The BMC chairman projects that 33.5 percent of its customers are in arrears – just over 1,100 people – as the corporation continues to face the same challenges as other financial institutions.

“We understand the challenges that people face out there. The last two, three years economically have been pretty tough on the country with people losing jobs, even cut down in the amount of days they’re working,” he said.

“We understand the challenges, and we are doing our part to work with our customers so they can try and keep their mortgages under control and steadily bring down the amount.”

“We have been making the calls out to the general public on coming in and helping to bring their mortgages up to date.”

In addition to government housing, BMC funds private loans.
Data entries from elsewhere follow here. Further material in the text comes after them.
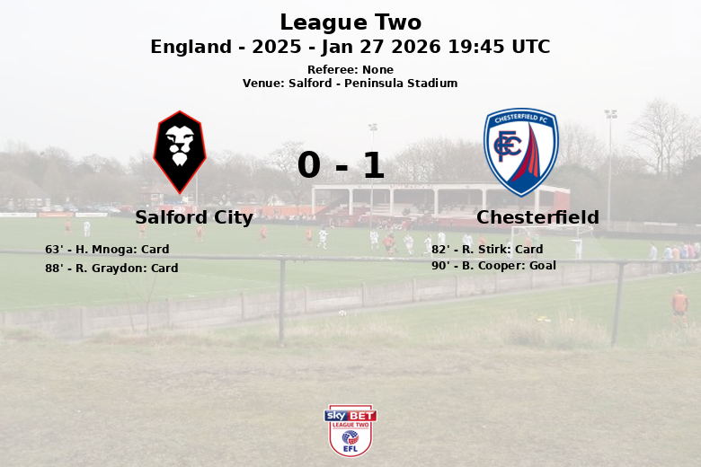 Salford, Angleterre – Dans un match disputé au Peninsula Stadium, Salford City a réussi à vaincre Chesterfield lors de la 29e journée de la League Two. Le match, joué dans une atmosphère tendue, s’est terminé par un résultat favorable à l’équipe locale grâce à un malheureux but contre son camp en fin de rencontre.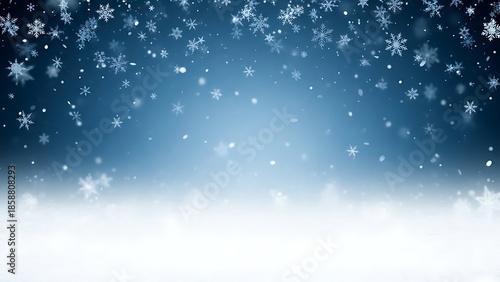 Fototapeta premium Snowfall background texture with dark blue gradient and falling snowflakes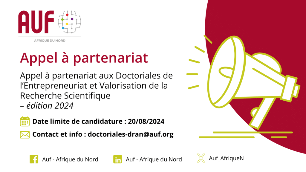 L’AUF Afrique du Nord lance un appel à partenariat dans le cadre des Doctoriales de l’Entrepreneuriat et de la Valorisation de la Recherche 2024. Cet appel s’adresse aux incubateurs, fondations, agences et structures d’accompagnement actives dans l’entrepreneuriat et la valorisation des résultats de la recherche en Afrique du Nord.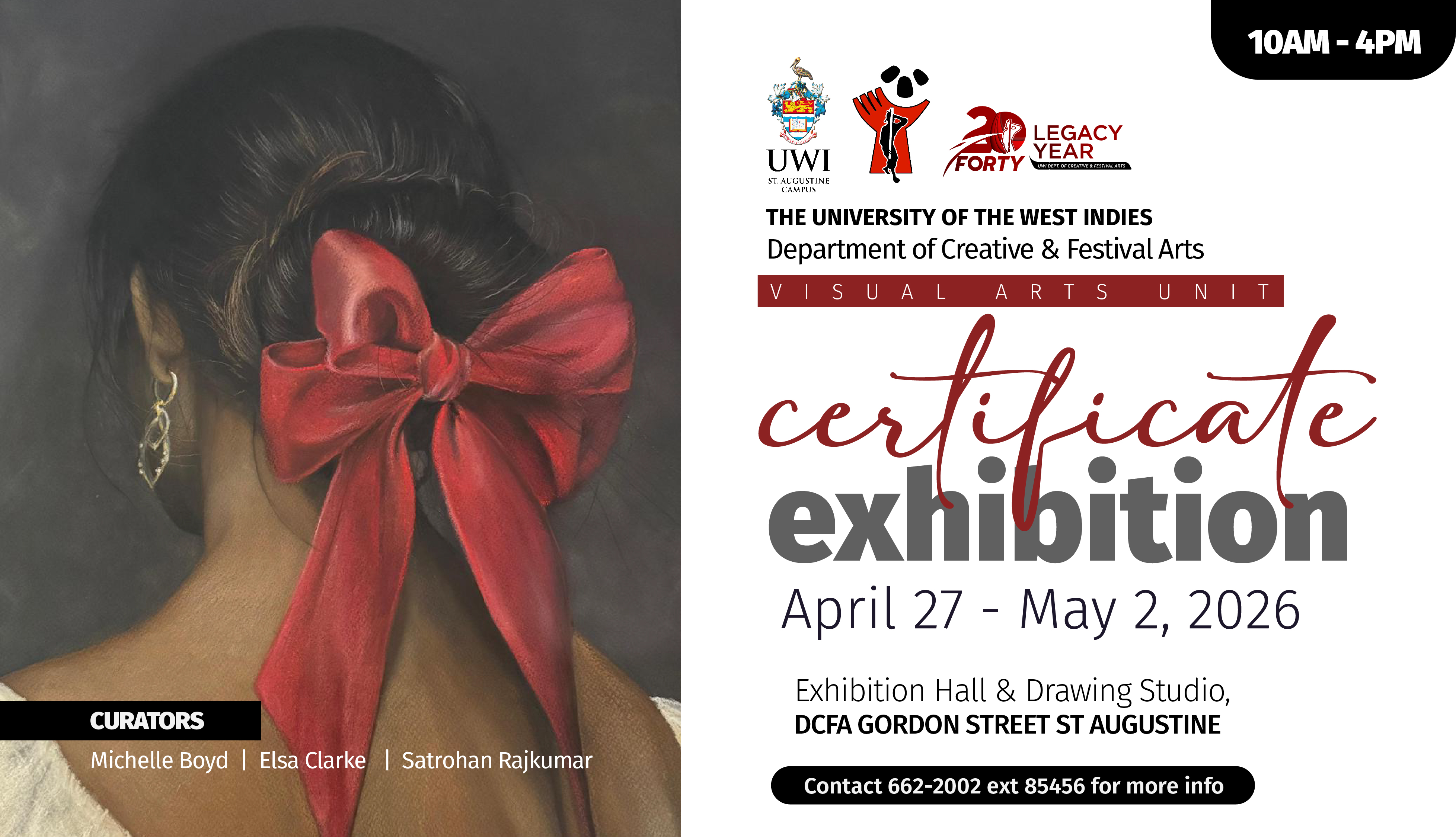 The Department of Creative and Festival Arts (DCFA), The University of the West Indies, invites the campus community and the wider public to the Certificate Visual Arts Exhibition 2026, a culminating showcase for graduating Certificate students and a key feature of the DCFA’s 40 Years Legacy celebrations.

Storr maintains there is still a demand for housing.

“People come in everyday looking for mortgages. Young professionals come in looking for homes. So there is a demand out there for housing despite what may be the general opinion of what’s going on in the economy,” he said.

“We not only have the government program that we fund but we fund private loans as well.”
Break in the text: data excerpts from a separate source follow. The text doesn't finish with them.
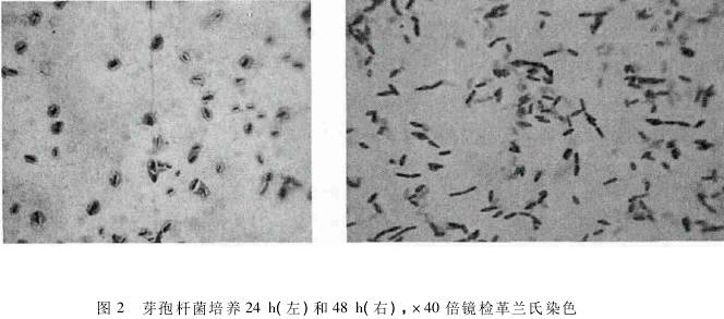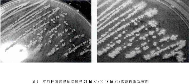 在營養(yǎng)瓊脂平板上,菌落粗糙半透明,灰白色或乳白色( 如圖1) ,再通過革蘭氏染色鏡觀察芽孢桿狀呈革蘭陽性,菌端呈鈍圓或平 。每個細胞只有一個芽孢,單個或鏈狀排列,無莢膜以周鞭毛運動,芽孢囊不明顯膨大( 如圖2) 。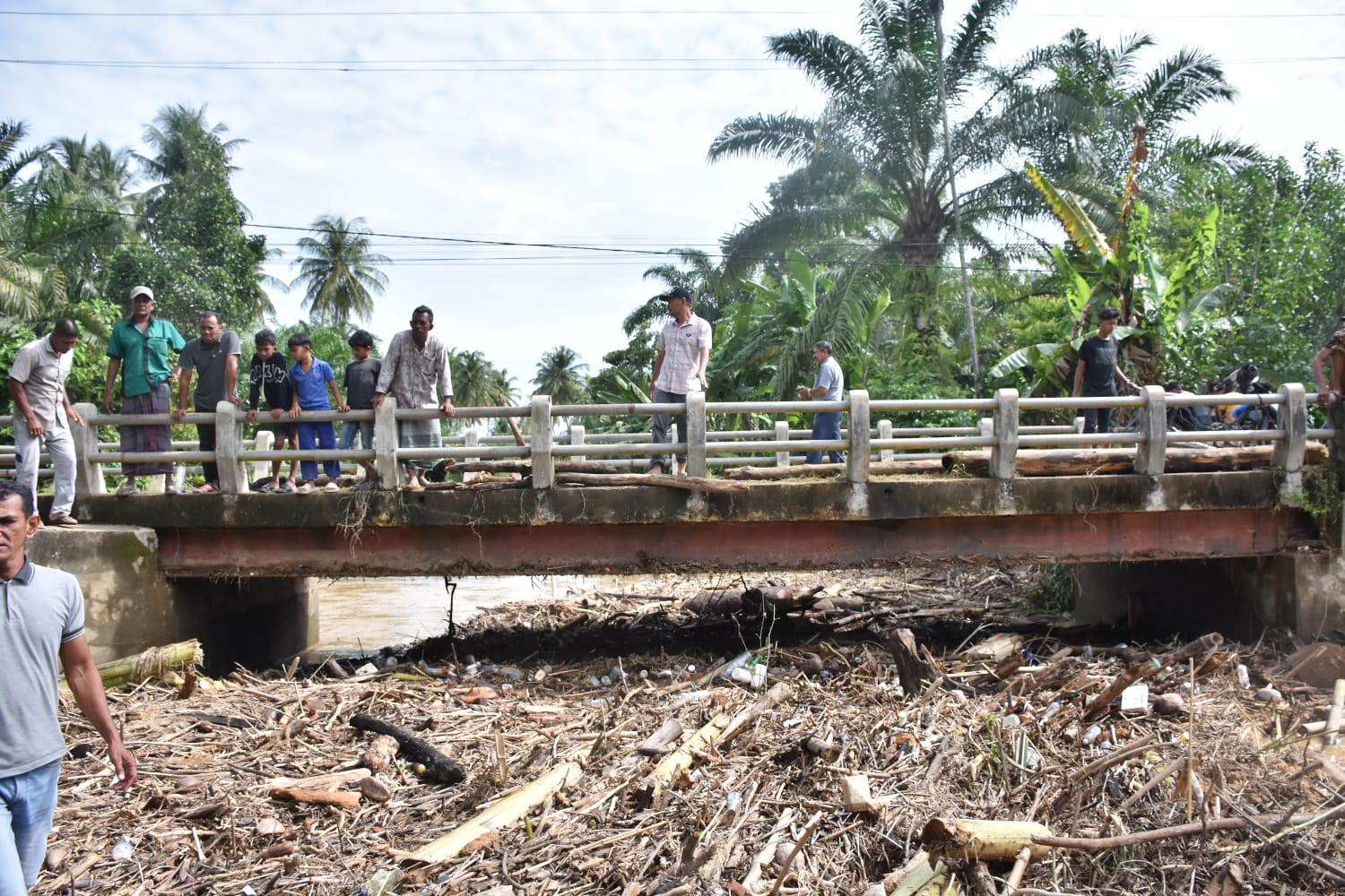 “Kami sangat mengharapkan alat berat datang hari ini untuk mengangkat tumpukan kayu di bawah jembatan. Kalau dibiarkan, banjir bisa terulang lagi jika hujan turun,” tegasnya.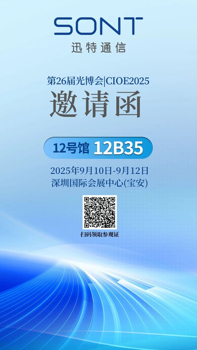 2025年9月10日至12日,迅特將在深圳舉行的中國國際光電博覽會(huì)上展示新品,誠摯邀請(qǐng)全球客商蒞臨#12B35展位,了解更多產(chǎn)品的信息。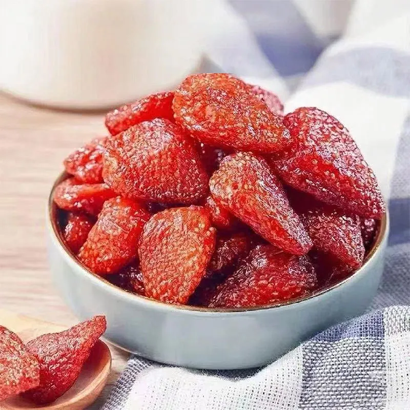 2.Мы тщательно отбираем высококачественную клубнику и проводим многоэтапный процесс, включающий мойку, нарезку, сахаризацию, выпечку, сушку, сортировку и упаковку, чтобы эффективно сохранить её вкус и питательные вещества.

In the meantime, the BMC is still in negotiations with commercial banks to take a number of foreclosed homes off their books at the discounted prices; but it is seeking to ensure that it does not end up with a collection of homes that would need major repairs.

Given its current delinquency rate, Storr said that the terms of its memorandum of understanding (MOU) with the National Insurance Board (NIB) require the BMC to be more demanding of its mortgagees.